This file can be tailored to map to any source root structure such as Maven style, Twitter style (as described above) or something more flat such as a setup.py-based project. This however is an advanced topic that is not covered in this document.

Addressing targets

Within the src/python/twitter/tutorial/BUILD, only one target is defined, specifically hello_world. This target is addressed by src/python/twitter/tutorial:hello_world which means the target hello_world within src/python/twitter/tutorial/BUILD. In general, targets take the form <path>:<target name> with the special cases:

  1. in the case of path/to/directory/BUILD:target, the BUILD component may be elided and instead path/to/directory:target may be used
  2. path/to/directory is short form for path/to/directory:directory, so src/python/twitter/common/app is short form for src/python/twitter/common/app/BUILD:app

src/python/twitter/tutorial/BUILD referenced pants('src/python/twitter/common/app') in its dependencies. The pants() keyword is akin to a "pointer dereference" for an address. It will point to whatever target is described at that address, in this case a python_library target:

src/python/twitter/common/app/BUILD:

python_library(
  name = "app",
  sources = globs('*.py'),
  dependencies = [
    pants('src/python/twitter/common/dirutil'),
    pants('src/python/twitter/common/lang'),
    pants('src/python/twitter/common/options'),
    pants('src/python/twitter/common/util'),
    pants('src/python/twitter/common/app/modules'),
  ]
)

which in turn includes even more dependencies. The job of Pants is to manage the transitive closure of all these dependencies and manipulate collections of these targets for you.

Python target types

BUILD files themselves are just Python. The only thing magical is that the statement from twitter.pants import * has been autoinjected. This provides a number of Python-specific targets such as:

  1. python_library
  2. python_binary
  3. python_requirement
  4. python_thrift_library

and a whole host of other targets including Java, Scala, Python, Markdown, the universal pants target and so forth. See src/python/twitter/pants/__init__.py for a comprehensive list of targets.

python_library

A python_library target has a name, zero or more source files, zero or more resource files, and zero or more dependencies. These dependencies may include other python_library-like targets (python_library, python_thrift_library, python_antlr_library and so forth) or python_requirement targets.

python_binary

A python_binary target is almost identical to a python_library target except instead of sources, it takes one of two possible parameters:

  1. source: The source file that should be executed within the "library" otherwise defined by python_binary
  2. entry_point: The entry point that should be executed within the "library" otherwise defined by python_binary. Entry points take the format of pkg_resources.EntryPoint, which is something akin to some.module.name:my.attr which means run the function pointed by my.attr inside the module some.module inside the environment. The :my.attr component can be omitted and the module is executed directly (presuming it has a __main__.py.)

python_requirement

A python_requirement target describes an external dependency as understood by easy_install or pip. It takes only a single non-keyword argument of the Requirement-style string, e.g.

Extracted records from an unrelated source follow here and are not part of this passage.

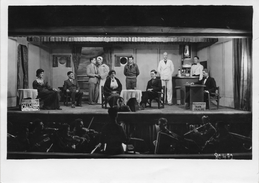 ( foto nr., 80850 ) Toneelspelers, Nederlanders? . Collectie foto's over het krijgsgevangenenkamp Stalag IV B, Mühlberg a/d Elbe. Het kamp werd opgericht eind 1939 en werd bevrijd op 23 april 1945. Er zaten ca. 10 nationaliteiten vast. In juni/ juli 1943 arriveerden er een groep van 2300 Nederlanders. De Nederlandse militairen waren in april opgeroepen zich te melden om opnieuw in krijgsgevangenschap te gaan. Dit was de aanleiding tot de April-Mei stakingen. Uiteindelijk werden ruim 8000 militairen weggevoerd naar Duitsland. Vanaf ca. 1940 bezat het kamp een fotoafdeling waar 3 Fransen werkten. Zij moesten gebeurtenissen , werkplaatsen en begrafenissen fotograferen. Voorjaar 1944 werden ook drie Nederlanders aangesteld op de fotoafdeling: D. van Maarseveen, J. W. Adam en C. van Weele. Voordat zij deze baan kregen werkten ze in de keuken. Zij fotografeerden ook illegaal in het kamp. Het is nu niet meer na te gaan welke foto door welke fotograaf is gemaakt. J.W. Adam ( 194 - 1997) nam een grote collectie afdrukken mee terug naar huis. Hij was geen fotograaf maar hoofd boekhouder. Ook beide andere fotografen namen negatieven en afdrukken mee terug. D. van Maarseveen fotografeerde ook de bevrijding en de ingewikkelde reis terug naar Nederland.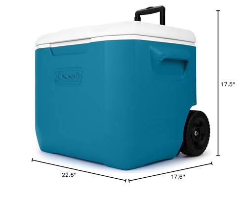 Coleman 60qt Rolling Cooler with Wheels, Insulated Portable Wheeled Chiller with Ice Retention, Made in USA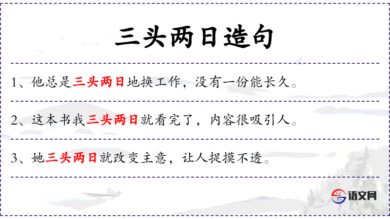 1. 【三头两日】 - 三二天。形容时间相隔很近。
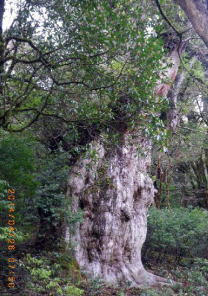 | 夫婦杉 めおとスギは3mほど離れた2本の巨木の枝が高さ10mほどでつながっている。右(夫)の周囲は10.9m。 |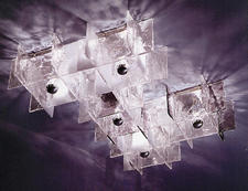 Hand-crafted glass modular ceiling lamp.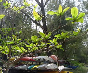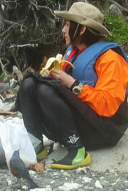 | 小笠原初日、すんごく天気は良くて、海はベタ凪! いつものように、初日は島内巡りと、軽く山歩き(?)かと思っていた。 ところが、現地ガイドの金子さん、「明日から海がどうなるかわからないので、今日さっそく漕ぎましょう!」と告げられた。 96年から毎年来ていて、今まで、多少天気が悪かろうが、多少海が荒れていようが、島のどこかでなんとか漕いで楽しんできた。 それが・・・・・!! こんなことは初めて! よっぽど!・・・・ でも、それをウレいたって、クヨクヨしたって、天候・海況を変えられるわけではなし。 明日は明日の風が吹くし、予報だって外れるかもしれない! 出かけてしまったら、ドシャブリの雨の朝でも、「いい天気だね!」と笑顔で挨拶して、フィールドに出ていき、その場を楽しむ。クヨクヨは無しで楽しむしかない! そんなZEN流holoholoツーリングはもう始まっているのだ。 行くっきゃないのだ! とか言っても、緊迫感は皆無で、小笠原名物の島寿司を仕入れて、のんびり扇浦のビーチで昼食。 食後のデザートにモモタマナの実アミヤを探し出し、大試食会が始まってしまった。拾っては割って、食べて、拾っては割って食べて・・・・・・! その後もみんなはあたりをビーチコ−ミングして、だーれも、早く漕ぎ出そうよーってせかす者はいない。 参加者は全員シーカヤック所持者で生粋のカヤッカ−である。うーん、後になって考えても不思議だ−。 全員カヤッカ−からアイランダ−になったんだね。 いいぞ!いいぞ! |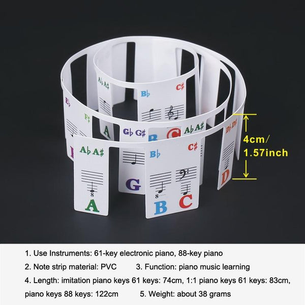 5. Easy to install, look for the middle C key marked on the piano key label to match, press the same key on the piano, then flatten and stack the notes on the keyboard.

python_requirement('django-celery')
python_requirement('tornado==2.2')
python_requirement('kombu>=2.1.1,<3.0')

This will resolve the dependency and its transitive closure, for example django-celery pulls down the following dependencies: celery>=2.5.1, django-picklefield>=0.2.0, ordereddict, python-dateutil, kombu>=2.1.1,<3.0, anyjson>=0.3.1, importlib, and amqplib>=1.0.

Pants takes care of handling these dependencies for you. It will never install anything globally. Instead it will build the dependency and cache it in .pants.d and assemble them a la carte into an execution environment.

python_thrift_library

A python_thrift_library target takes the same arguments as python_library arguments, except that files described in sources must be thrift files. If your library or binary depends upon this target type, Python bindings will be autogenerated and included within your environment.

Building your first PEX

Now you're ready to build your first PEX file (technically you already have, by building Pants itself.) By default if you specify ./pants <target>, it assumes you mean ./pants build <target> and does precisely that:

$ PANTS_VERBOSE=1 ./pants src/python/twitter/tutorial:hello_world
Build operating on targets: OrderedSet([PythonBinary(src/python/twitter/tutorial/BUILD:hello_world)])
  Resolver: Calling environment super => 0.046ms
Building PythonBinary PythonBinary(src/python/twitter/tutorial/BUILD:hello_world):
Building PythonBinary PythonBinary(src/python/twitter/tutorial/BUILD:hello_world):
  Dumping library: PythonLibrary(src/python/twitter/common/app/BUILD:app) [relative module: ]
  Dumping library: PythonLibrary(src/python/twitter/common/dirutil/BUILD:dirutil) [relative module: ]
  Dumping library: PythonLibrary(src/python/twitter/common/lang/BUILD:lang) [relative module: ]
  Dumping library: PythonLibrary(src/python/twitter/common/options/BUILD:options) [relative module: ]
  Dumping library: PythonLibrary(src/python/twitter/common/util/BUILD:util) [relative module: ]
  Dumping library: PythonLibrary(src/python/twitter/common/app/modules/BUILD:modules) [relative module: ]
  Resolver: Calling environment super => 0.016ms
  Dumping binary: twitter/tutorial/hello_world.py
Wrote /private/tmp/wickman-commons/dist/hello_world.pex

You will see that despite specifying just one dependency, the transitive closure of hello_world pulled in all of src/python/twitter/common/app and its direct descendants. That's because those library targets depended upon other library targets, than in turn depending on even more. At the end of the day, we bundle up the closed set of all dependencies and bundle them into hello_world.pex.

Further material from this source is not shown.